Work required: Word for word, copy the listing below and leave out its images.

Information supplied:
○ ○ ○

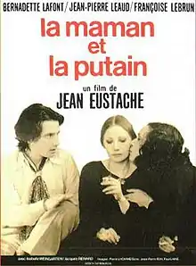 The Mother and the Whore (French: La maman et la putain) is a 1973 French film directed by Jean Eustache and starring Jean-Pierre Léaud, Bernadette Lafont and Françoise Lebrun. An examination of the relationships between three characters in a love triangle, it was Eustache's first feature film and is considered his masterpiece. Eustache wrote the screenplay drawing inspiration from his own relationships, and shot the film from May to July 1972.
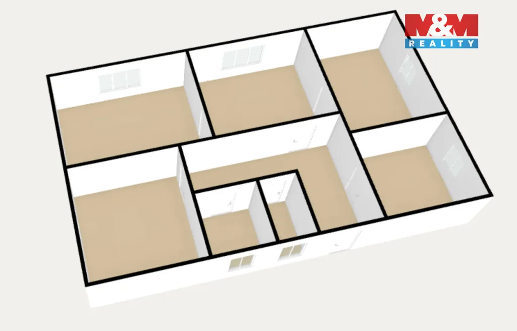 Každé obytné patro disponuje koupelnou, kuchyní a čtyřmi pokoji, takže dům pohodlně poslouží početné rodině nebo jako dvougenerační bydlení. Z posledních úprav stojí za zmínku výměna plastových oken, jinak je nemovitost připravena na kompletní rekonstrukci.
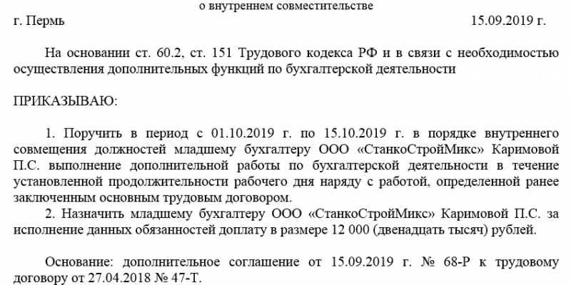 Трудовой договор по внутреннему совместительству (содержание, особенности, образец)
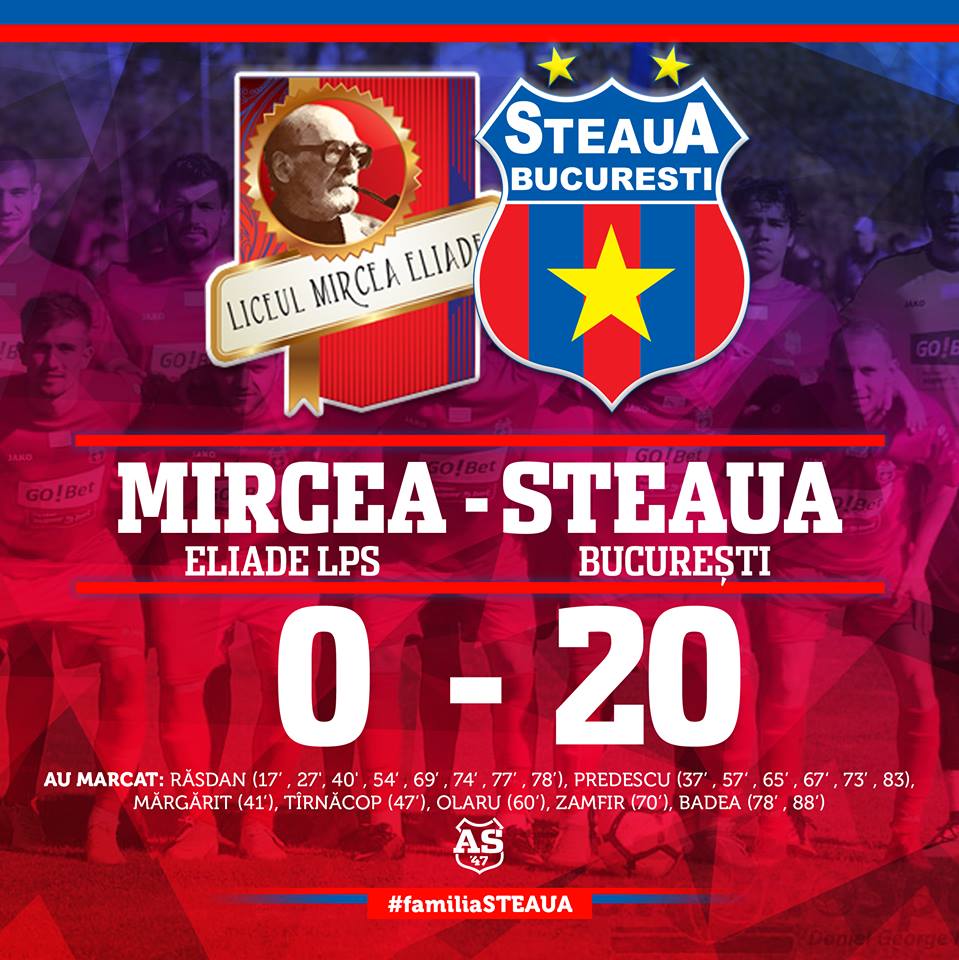 Echipa de fotbal Steaua București s-a impus cu scorul de 20-0 (5-0) în fața celor de la LPS Mircea Eliade, într-un meci contând pentru Liga a IV-a, care s-a disputat pe Stadionul Progresul Spartac, fără spectatori.

○ ○ ○

Written answer:
 The Mother and the Whore (French: La maman et la putain) is a 1973 French film directed by Jean Eustache and starring Jean-Pierre Léaud, Bernadette Lafont and Françoise Lebrun. An examination of the relationships between three characters in a love triangle, it was Eustache's first feature film and is considered his masterpiece. Eustache wrote the screenplay drawing inspiration from his own relationships, and shot the film from May to July 1972.
 Každé obytné patro disponuje koupelnou, kuchyní a čtyřmi pokoji, takže dům pohodlně poslouží početné rodině nebo jako dvougenerační bydlení. Z posledních úprav stojí za zmínku výměna plastových oken, jinak je nemovitost připravena na kompletní rekonstrukci.
 Трудовой договор по внутреннему совместительству (содержание, особенности, образец)
 Echipa de fotbal Steaua București s-a impus cu scorul de 20-0 (5-0) în fața celor de la LPS Mircea Eliade, într-un meci contând pentru Liga a IV-a, care s-a disputat pe Stadionul Progresul Spartac, fără spectatori.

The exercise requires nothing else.